### Data excerpt
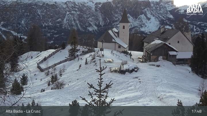 View from La Crusc chair's top station over the surrounding mountain-scape of Alta Badia. The little church is a popular place of pilgrimage.
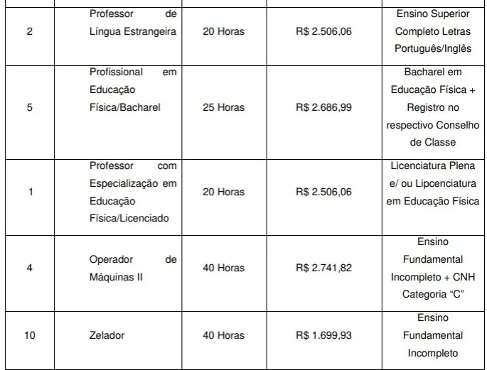 Na área da educação, há duas vagas para professor de língua estrangeira, com carga horária de 20 horas semanais e remuneração de R$ 2.506,06. Para concorrer às vagas, os interessados devem ter ensino superior completo em letras. Ainda na educação, há uma vaga para professor com especialização em educação física, licenciado. Nesta vaga, a carga horária também é de 20 horas semanais e a remuneração também é de R$ 2.506,06. Para concorrer, os interessados devem ter licenciatura plena e/ou lipcenciatura em Educação Física.
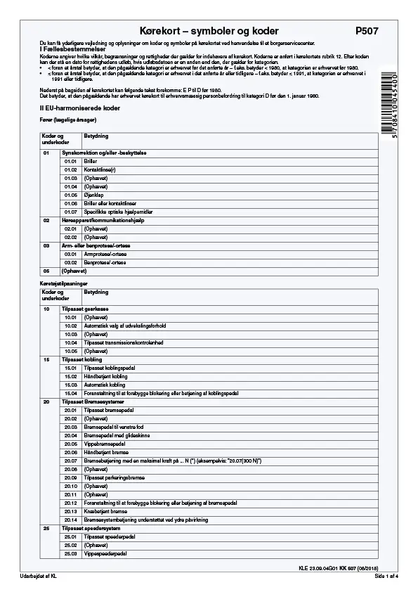 Kørekort - Symboler og koder
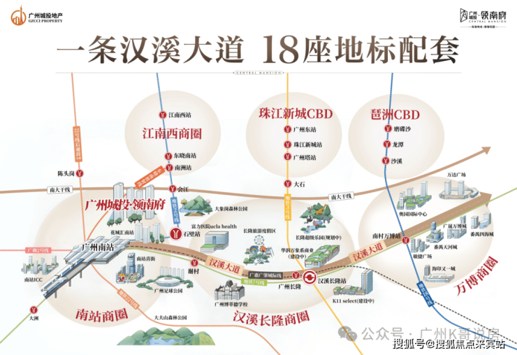 一条汉溪大道,串联南站商圈、江南西商圈、汉溪长隆商圈、珠江新城CBD、琶洲CBD和万博商圈,城市繁华便捷可享。
######
_Exercise aim_: Copy nothing but the lines from the one containing "Kørekort - Symboler og koder" through the last line of the listing above, transcribed exactly and with no pictures.

_Problem solution_:
 Kørekort - Symboler og koder
 一条汉溪大道,串联南站商圈、江南西商圈、汉溪长隆商圈、珠江新城CBD、琶洲CBD和万博商圈,城市繁华便捷可享。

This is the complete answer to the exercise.